FInancial accounting cours 3 Flashcards
Give examples of cash.
Immediately available cash such as:
- Bank accounts.
- Cash register
- Cheques received but not yet deposited
- Credit card slips
Give examples of cash equivalents.
Short-term, highly liquid investments that are readily convertible to a known amount of cash and are subject to an insignificant risk of change in value:
- Maturity < 3 months
- Can not be equity investments
What appears in the statement if the cash balance is negative?
The balance is reported as a “bank overdraft” on the liabilities side.
What’s an account receivable?
They represent a short-term receivable related to the sale of goods and/or provision of services on credit.
What is the allowance for doubtful accounts (AFDA)?
This is an estimate of the number of receivables (accounts receivable) that will probably not be collected.
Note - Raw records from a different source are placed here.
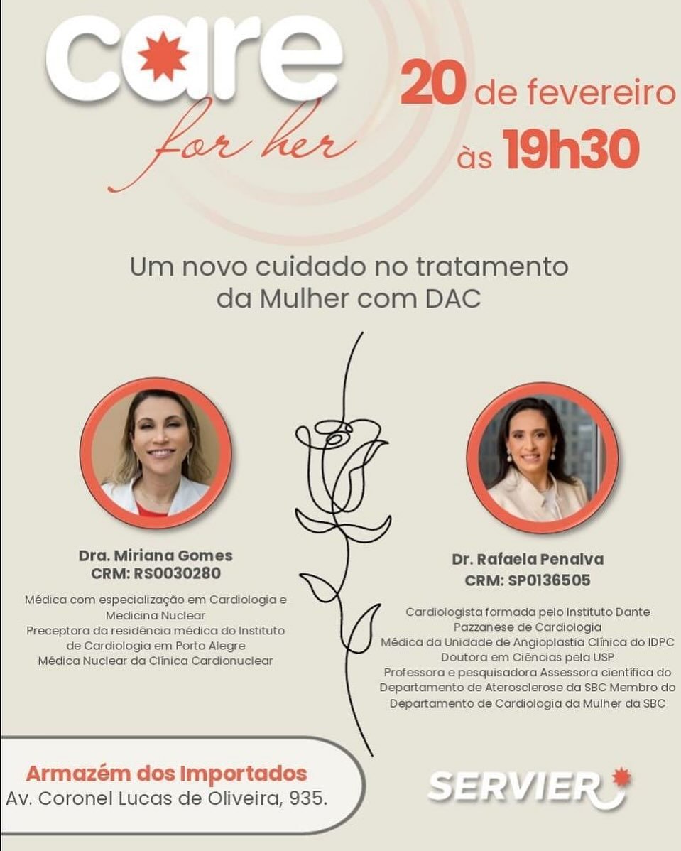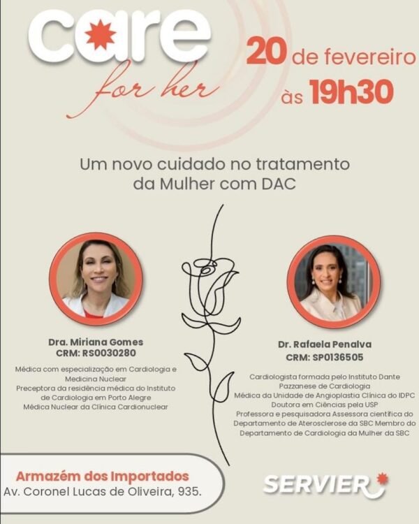 No dia 20 de fevereiro de 2025, ocorreu este evento exclusivo para mulheres cardiologistas. Um grupo seleto de colegas de Porto Alegre participou de um jantar, enquanto outras de cidades distantes acompanharam de forma on-line. O evento teve como tema central “O Cuidado no Tratamento da Mulher com DAC (Doença Arterial Coronariana)” . Além da Dra Miriana Gomes, palestrou, vinda diretamente de São Paulo, a Dra Dra.Rafaela Penalva que é doutora em cardiologia pela USP, médica da unidade de angioplastia clínica do Instituto Dante Pazzanese e Fellow da American College de Cardiologia.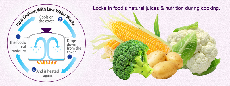 When you rinse the food and put it in the cookware, there will be enough remaining drops of water to produce steam. This small amount of water in addition to the natural juices is enough to ensure that the food is properly cooked. As long as you keep the pot or pan covered, your food can be cooked without the use of additional water.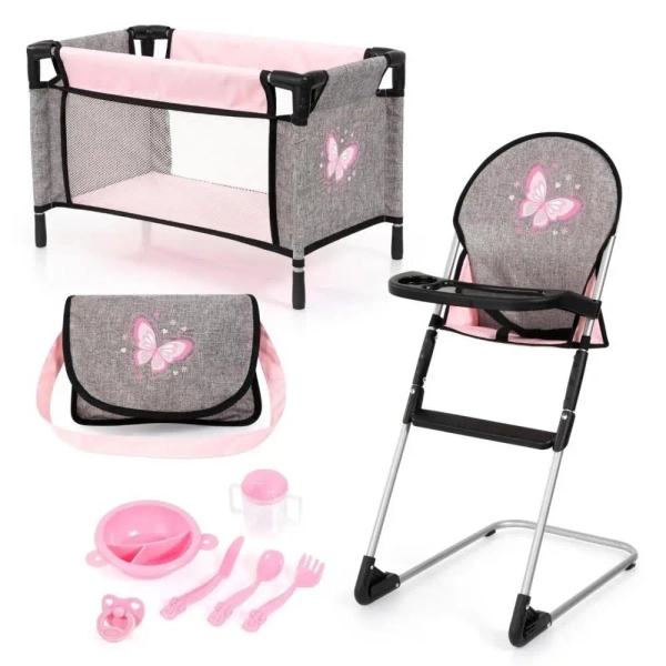 Zestaw podróżny 9w1 z łóżeczkiem i krzesełkiem w kolorze szarym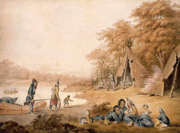 Här är det fullt med rävlika hundar som det säkert skulle fungera att tolla med. Två stycken ligger utanför wigwamen och en som apporterar en gås i nederkant på bilden. I den främre kanoten sitter en hund bakom kvinnan och i kanoten med seglet sitter en liten valp till höger om lindebarnet.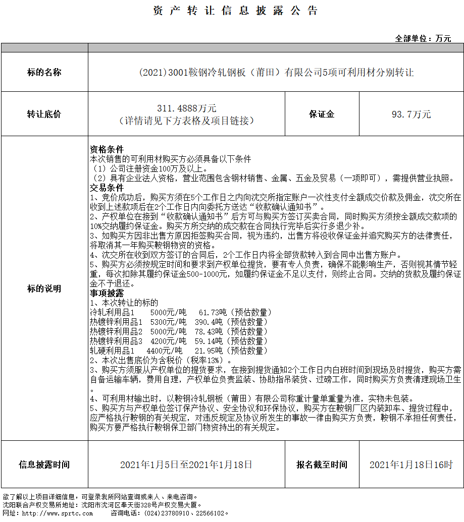 鞍鋼冷軋鋼板(莆田)有限公司冷軋利用品1轉(zhuǎn)讓

It helps the user to better estimate the account receivable that will be collected. It is a contra-asset account.
What are prepaid expenses (prepaid charges)?
It is an asset that represents the number of services to be received. The company has paid for services without having received them or has received them only partially.
What happens at year-end for the prepaid expenses?
An adjustment is required to recognize the expense related to the portion of services received during the year.
Give examples of prepaid expenses.
- Prepaid insurance premiums.
- Prepaid rent.
What are inventories?
Inventories are assets:
- Held for sale in the normal course of business.
- In production for such a sale.
- In the form of raw materials or supplies to be consumed in the production process or provision of services.
What are other debtors? Give examples.
They are amounts receivable from transactions that are not necessarily related to the sale of goods or the provision of services. Examples: loan receivable, taxes receivable, interest receivables, etc.
What are non-current assets?
- They include all assets held for more than one period.
- They are durable.
- They are resources that will be useful to the company for many years.
What are the different types of current assets?
- They are expected to be realized, or intended for sale or consumption, in the normal course of the entity’s operation.
Or - They are held primarily for trading purposes.
Or - They are expected to be completed within 12 months after the closing date.
Or - They are cash or equivalents.
What are investments (as financial assets)?
- Temporary excess cash that is invested to earn a higher return than if the cash were left in the company’s checking account.
- Stocks or bonds of companies owned by the company (if stock, it means that the company owns part of another company (and is, therefore, a shareholder).
Are investments presented as current or non-current assets?
It depends on the length of time the company expects to hold them or it depends on their maturity date.
What are the 2 types of non-current investments? Give examples for each type.
- Non-strategic investments held for the purpose of generating income and/or long-term capital appreciation. (term deposits, saving bonds, equity investments).
- Strategic investments –> Financial assets (shares) held with intention of creating a business relationship (investment in a subsidiary, investment in an associate, investment in a joint venture). Strategic investments are always equity investments.
What is a subsidiary?
It is an entity controlled by another entity, either as a result of the ownership of shares in that entity or of its capacity to influence financial decisions and operations with the purpose of generating economic benefits from its activities.
How do investments in subsidiaries work?
- An entity that holds control is called a Parent.
- Parent usually owns more than 50% of the ordinary shares in a subsidiary.
- To reflect ownership and control, we prepare consolidated financial statements of the parent and all the subsidiaries that it controls.
How do investments in associates work?
- An entity that has a significant influence on another entity.
- It owns between 20 and 50% of ordinary shares in that entity.
- It records the investment as an associate in its Financial Statements using the Equity method.
How do investments in joint ventures work?
- An arrangement through which two or more companies exercise joint control over the economic activities of an enterprise.
- Unanimous consent for strategic and operational decisions (without necessarily having an equal share in the assets and results of the joint ventures).
- The joint venture is recorded in the Financial Statements of the controlling companies following the Equity method.
What are fixed assets?
- Tangible assets (physical existence).
- They are used in the long-term operation of the business.
- They are not intended to be sold in the ordinary course of business.
- They are expected to be used over more than one period.
What are fixed assets used for?
- To provide goods or services.
- To be leased.
- For administrative purposes.
How do we calculate the acquisition cost of fixed assets?
The purchase price + all costs incurred to enable the asset to be used.
What is depreciation?
- It is an expense in the Income Statement.
- This expense corresponds to the company’s use of the asset during the fiscal year.
- Its objective is to spread the initial cost of the asset over its estimated useful life.